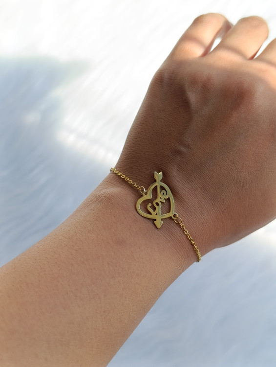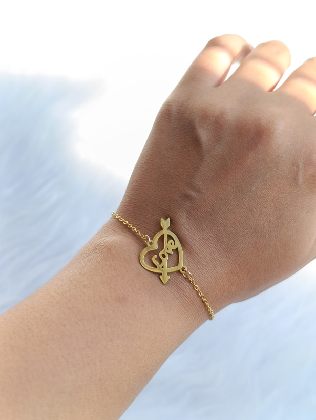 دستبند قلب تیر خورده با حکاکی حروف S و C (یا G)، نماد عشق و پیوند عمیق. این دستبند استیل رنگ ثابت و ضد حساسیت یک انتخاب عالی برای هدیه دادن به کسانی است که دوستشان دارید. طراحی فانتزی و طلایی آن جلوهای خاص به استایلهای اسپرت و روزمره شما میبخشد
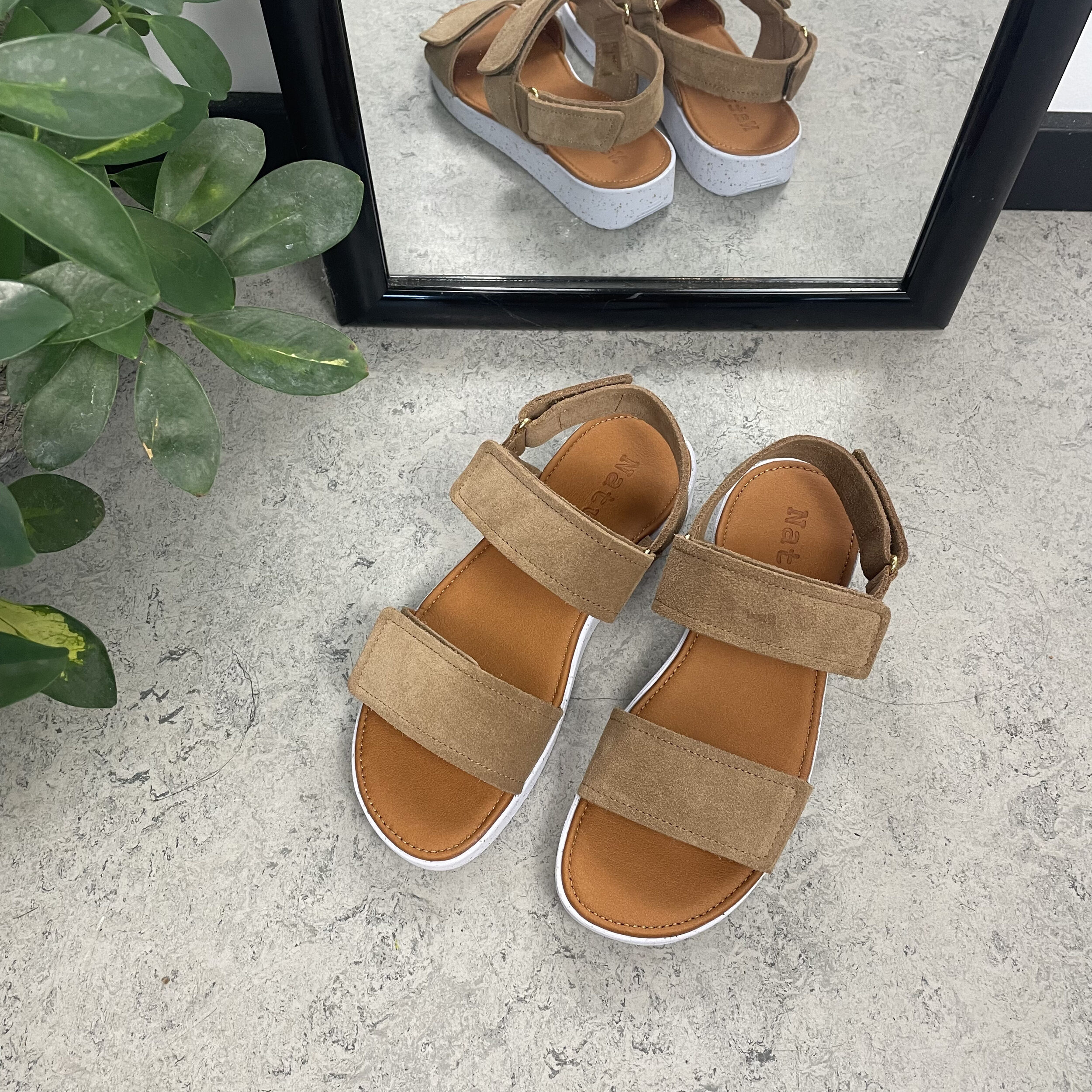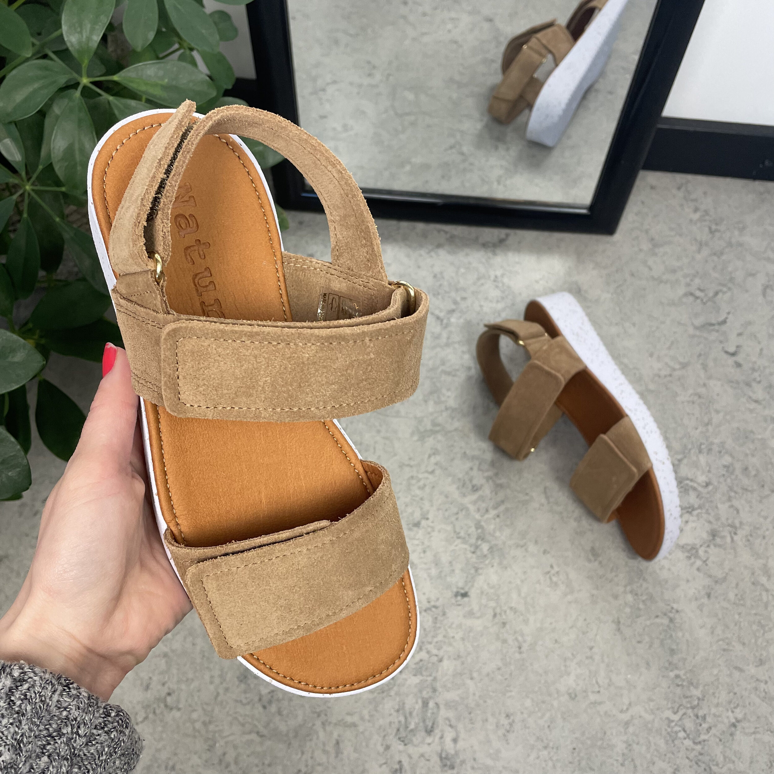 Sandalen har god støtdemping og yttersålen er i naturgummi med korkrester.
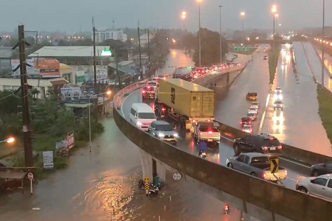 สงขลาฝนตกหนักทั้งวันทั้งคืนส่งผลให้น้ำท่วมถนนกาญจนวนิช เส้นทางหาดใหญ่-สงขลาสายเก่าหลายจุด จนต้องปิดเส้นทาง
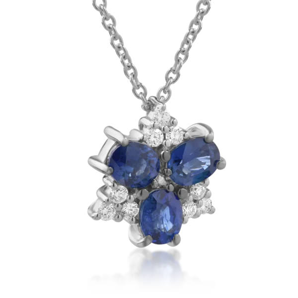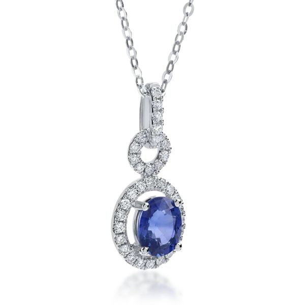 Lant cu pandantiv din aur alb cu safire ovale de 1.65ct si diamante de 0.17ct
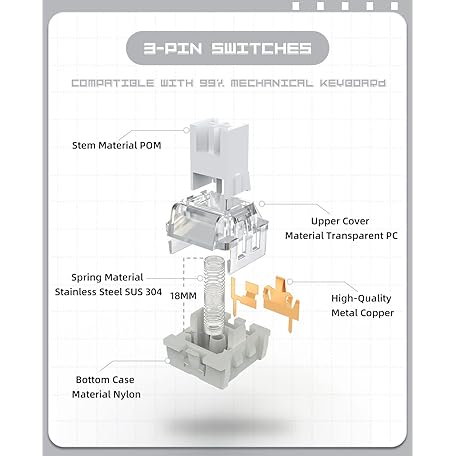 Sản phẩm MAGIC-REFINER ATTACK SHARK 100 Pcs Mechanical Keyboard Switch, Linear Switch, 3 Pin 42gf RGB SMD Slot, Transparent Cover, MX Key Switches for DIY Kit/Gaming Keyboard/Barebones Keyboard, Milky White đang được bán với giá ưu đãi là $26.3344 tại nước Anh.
* * *
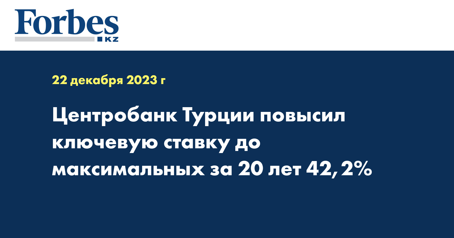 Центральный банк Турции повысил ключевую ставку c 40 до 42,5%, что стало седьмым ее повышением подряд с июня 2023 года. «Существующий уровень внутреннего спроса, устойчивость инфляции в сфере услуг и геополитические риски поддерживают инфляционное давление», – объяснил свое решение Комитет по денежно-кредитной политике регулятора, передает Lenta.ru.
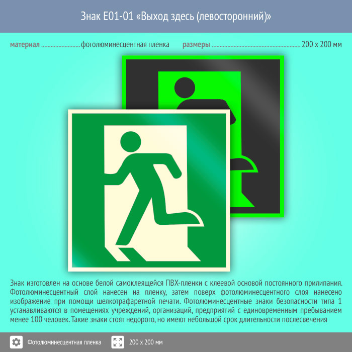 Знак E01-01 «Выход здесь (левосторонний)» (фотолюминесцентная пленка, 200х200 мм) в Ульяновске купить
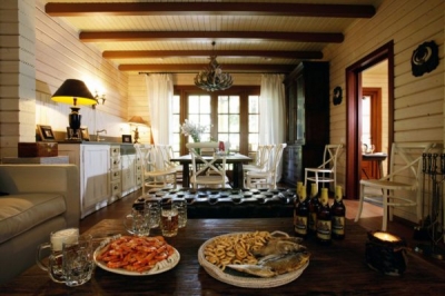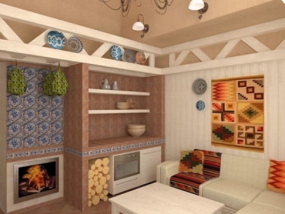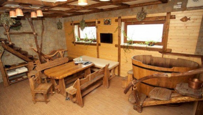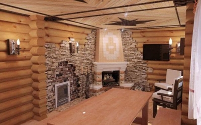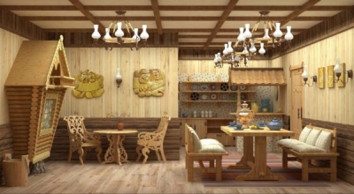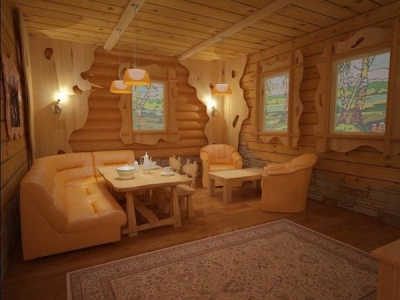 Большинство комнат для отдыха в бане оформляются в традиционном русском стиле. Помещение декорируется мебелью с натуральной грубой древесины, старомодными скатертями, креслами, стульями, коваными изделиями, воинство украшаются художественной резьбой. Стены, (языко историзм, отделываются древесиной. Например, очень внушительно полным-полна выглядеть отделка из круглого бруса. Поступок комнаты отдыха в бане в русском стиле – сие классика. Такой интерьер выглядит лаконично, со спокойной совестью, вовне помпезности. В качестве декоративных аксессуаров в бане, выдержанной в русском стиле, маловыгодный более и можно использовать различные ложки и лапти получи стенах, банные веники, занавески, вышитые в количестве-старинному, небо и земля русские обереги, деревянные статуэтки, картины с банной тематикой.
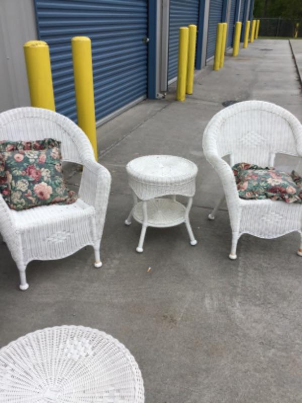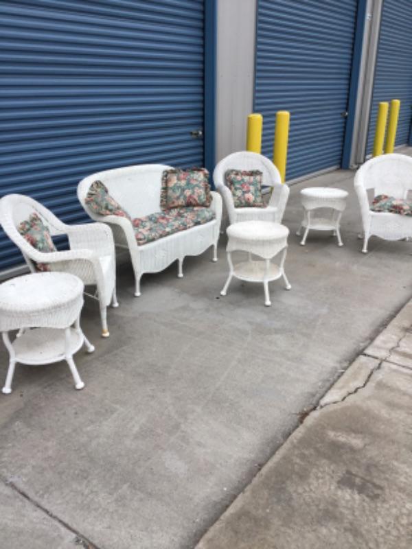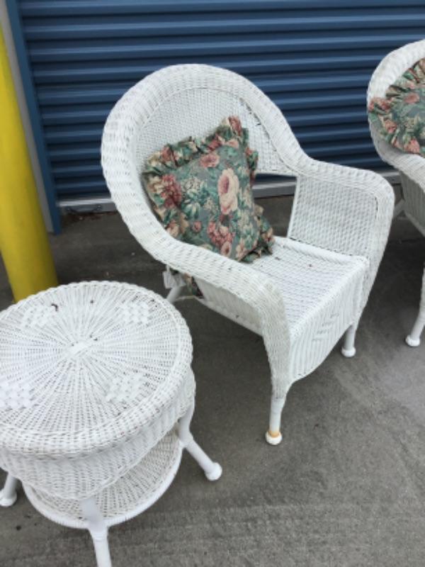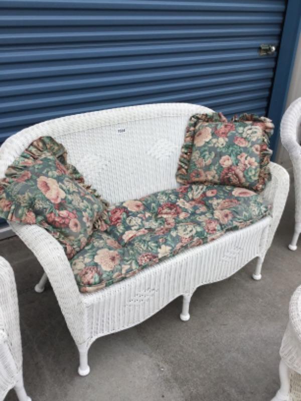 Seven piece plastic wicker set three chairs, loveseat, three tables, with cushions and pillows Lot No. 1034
* * *
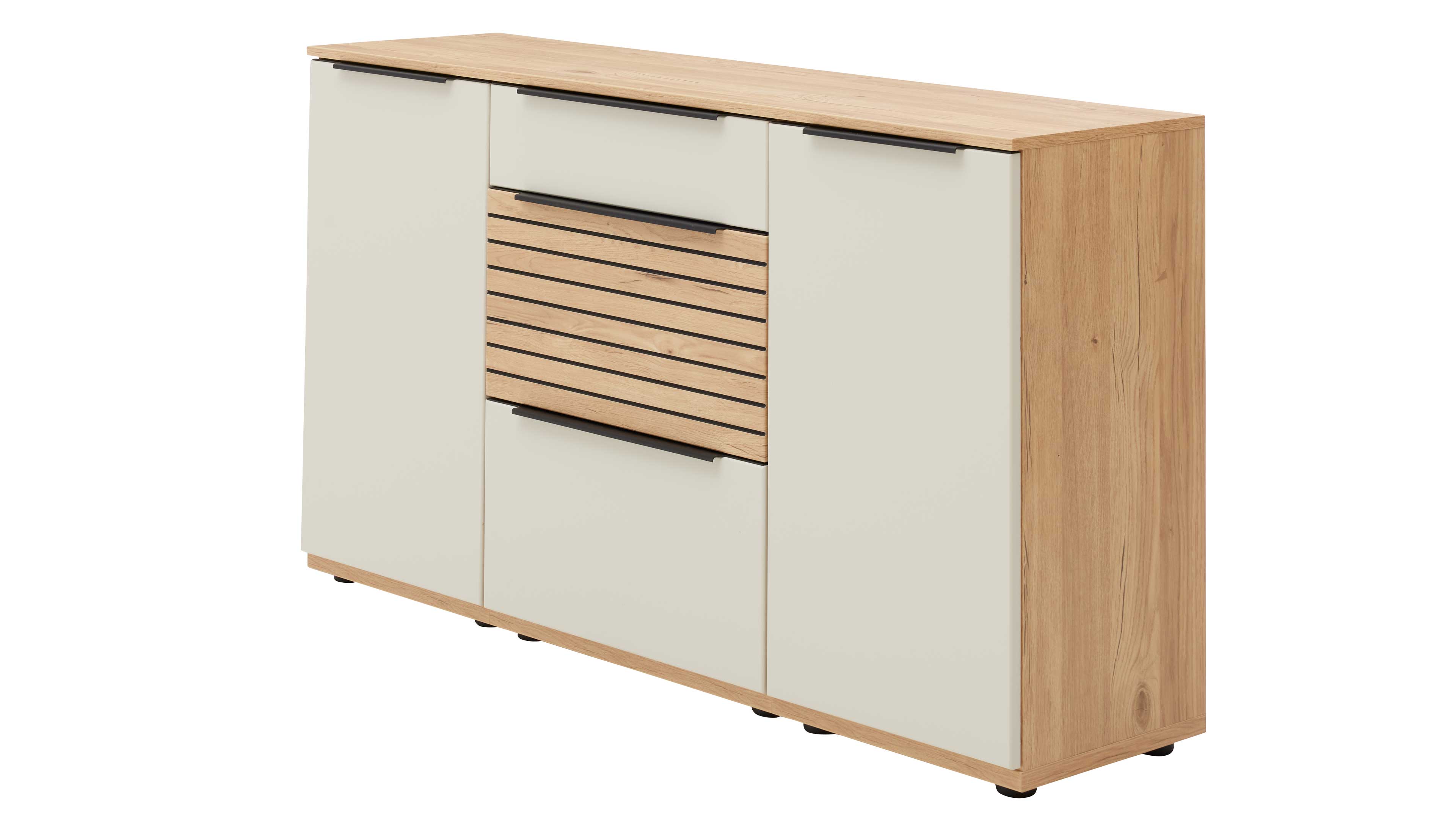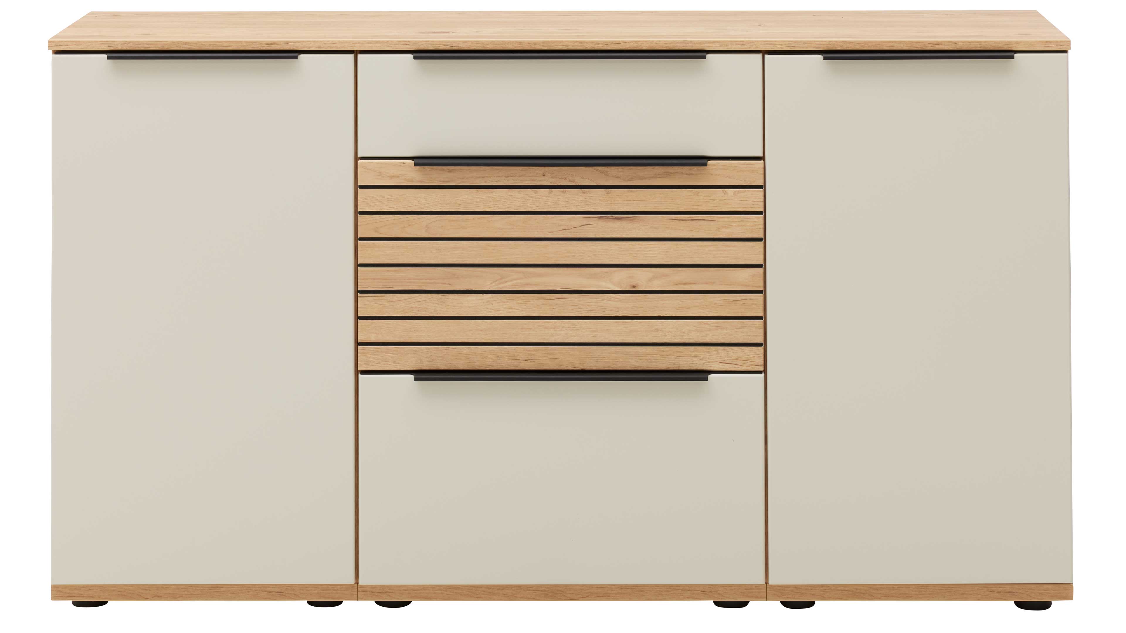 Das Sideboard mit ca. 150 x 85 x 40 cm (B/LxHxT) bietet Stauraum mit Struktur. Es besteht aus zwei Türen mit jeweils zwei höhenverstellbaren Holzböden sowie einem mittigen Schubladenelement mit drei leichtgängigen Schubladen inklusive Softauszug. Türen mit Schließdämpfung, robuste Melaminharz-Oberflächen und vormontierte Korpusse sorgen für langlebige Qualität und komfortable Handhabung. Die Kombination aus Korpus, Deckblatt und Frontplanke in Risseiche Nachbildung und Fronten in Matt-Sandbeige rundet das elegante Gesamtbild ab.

ACTION ITEM:
With the pictures left out, write out exactly the lines above from the one containing "Lant cu pandantiv" through the one containing "Sản phẩm MAGIC-REFINER".

REPLY:
 Lant cu pandantiv din aur alb cu safire ovale de 1.65ct si diamante de 0.17ct
 Sản phẩm MAGIC-REFINER ATTACK SHARK 100 Pcs Mechanical Keyboard Switch, Linear Switch, 3 Pin 42gf RGB SMD Slot, Transparent Cover, MX Key Switches for DIY Kit/Gaming Keyboard/Barebones Keyboard, Milky White đang được bán với giá ưu đãi là $26.3344 tại nước Anh.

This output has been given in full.